The club was founded in November 1873 by members of the Walsall Cricket Club, under the simpler name Walsall Football Club. The club however did not play any other side until September 1874. By 1879, the club was called Walsall Town. Unlike the working men of Walsall Swifts, the Town side tended to come from the higher social strata, many of its players being former Queen Mary's Grammar School pupils, and (originally) played more for enjoyment than income, which meant that Walsall Swifts tended to generate higher support. Indeed Town's attitude to the other clubs in the area was such that it claimed the combined mass of other clubs in the town could barely match up to Town's second XI, resulting in the Walsall & District Association turning down Town's membership application in 1882; it was admitted in 1883.

===Early competitions===

Town entered the Birmingham Senior Cup for the first time in 1880–81, going out in the third round to its cross-town rivals the Swifts, who went on to win the competition. The two clubs both entered FA Cup for the first time in 1882–83, and Town had the better run, reaching the fourth round (last 15). At that stage, Town only lost 2–1 to Aston Villa, right-winger Hill having given Town the lead in the first minute. That however marked the club's best run in the competition, although the club was considered unlucky to lose 2–0 to the Villans in the 1884–85 FA Cup third round, with two goals questionably disallowed for offside.

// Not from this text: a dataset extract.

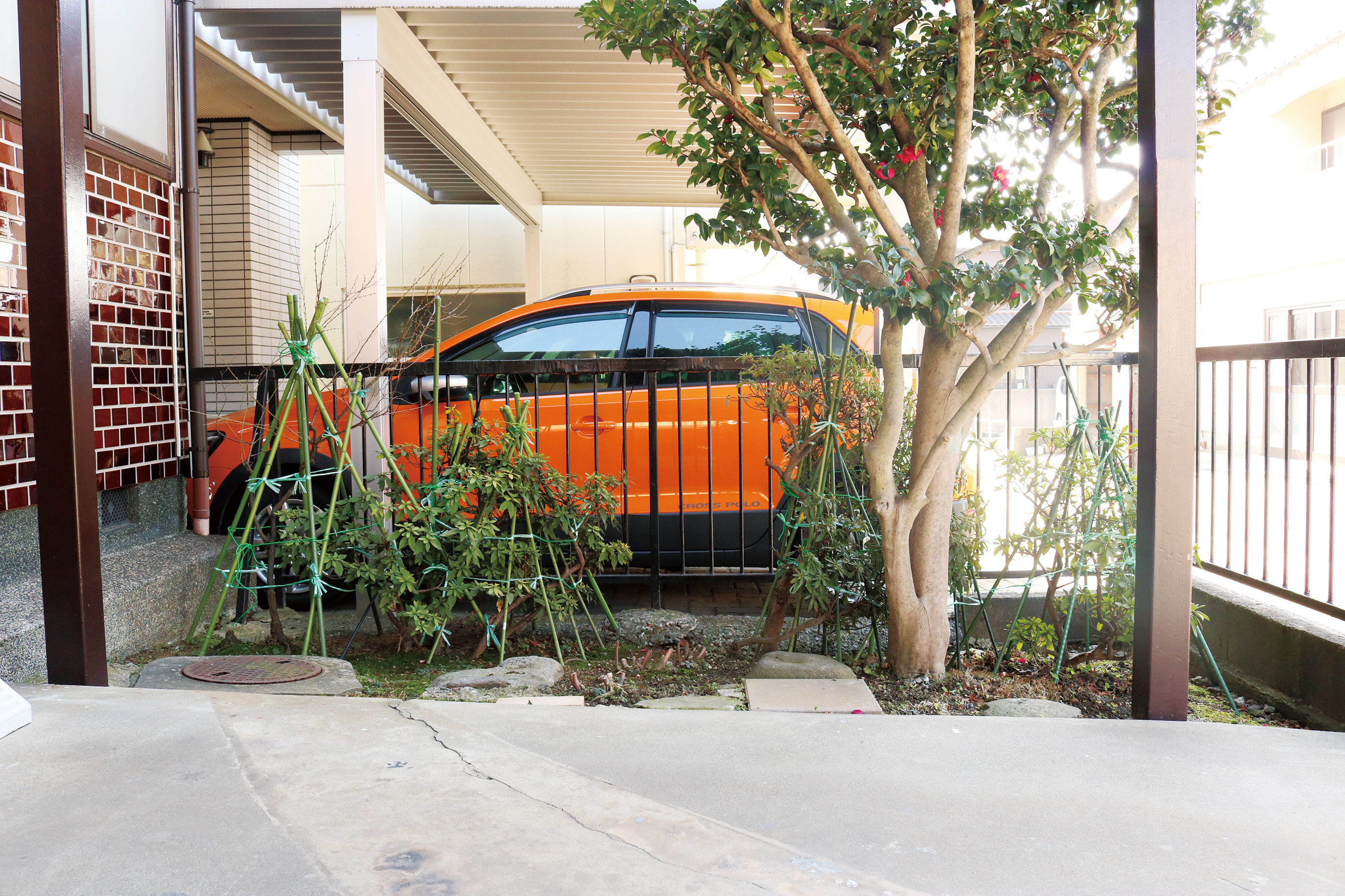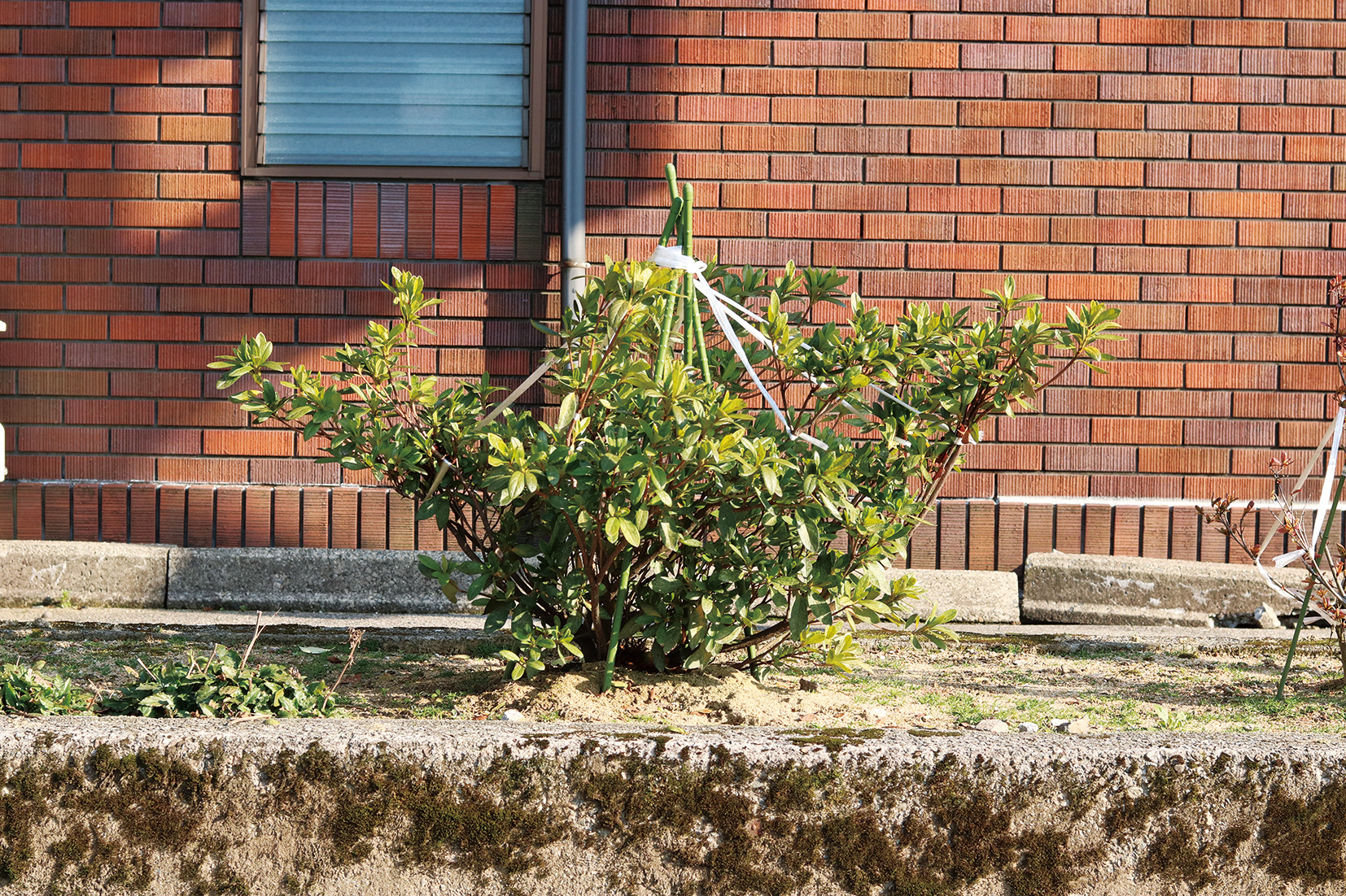 一方、低木の場合、ハンガーパイプのように竹の屋根を渡して、そこから枝を吊るという手法も。

The club's greatest successes came in the Staffordshire Senior Cup, which Town won for the first time in 1881–82, beating the Swifts in a replayed final. On Boxing Day 1882, the Town Club played at Blackburn Rovers in a friendly, and emerged with a startling 3–2 win, which led the local media to hail Town as "one of the best exponents of the game in the world".

===Walsall Cup domination===

Town finally entered the Walsall Senior Cup for the first time in 1883–84, and reached the Birmingham Senior Cup semi-finals in 1883–84 and 1884–85, beaten by Aston Villa and the Swifts respectively, but the latter season saw the club win the Staffordshire Cup for the second and final time, thanks to a 2–1 win over Wolverhampton Wanderers; it also won the Walsall Cup for the first time, beating Wednesbury Old Athletic in the final. Indeed, Town went on to win the next two Walsall Cups to claim a hat-trick of titles, the 1885–86 final win over the Swifts being particularly acriminous, with the Swifts' Allen breaking the leg of Town's Cope, resulting in "very strong opinions being expressed" and a collection being taken for Cope. The Swifts protested the result on the basis of crowd encroachment, and, after the Walsall FA voted in favour of a replay, Town successfully had the motion overturned, on the basis of the Swifts "packing" the vote with representatives who were not otherwise entitled to appear.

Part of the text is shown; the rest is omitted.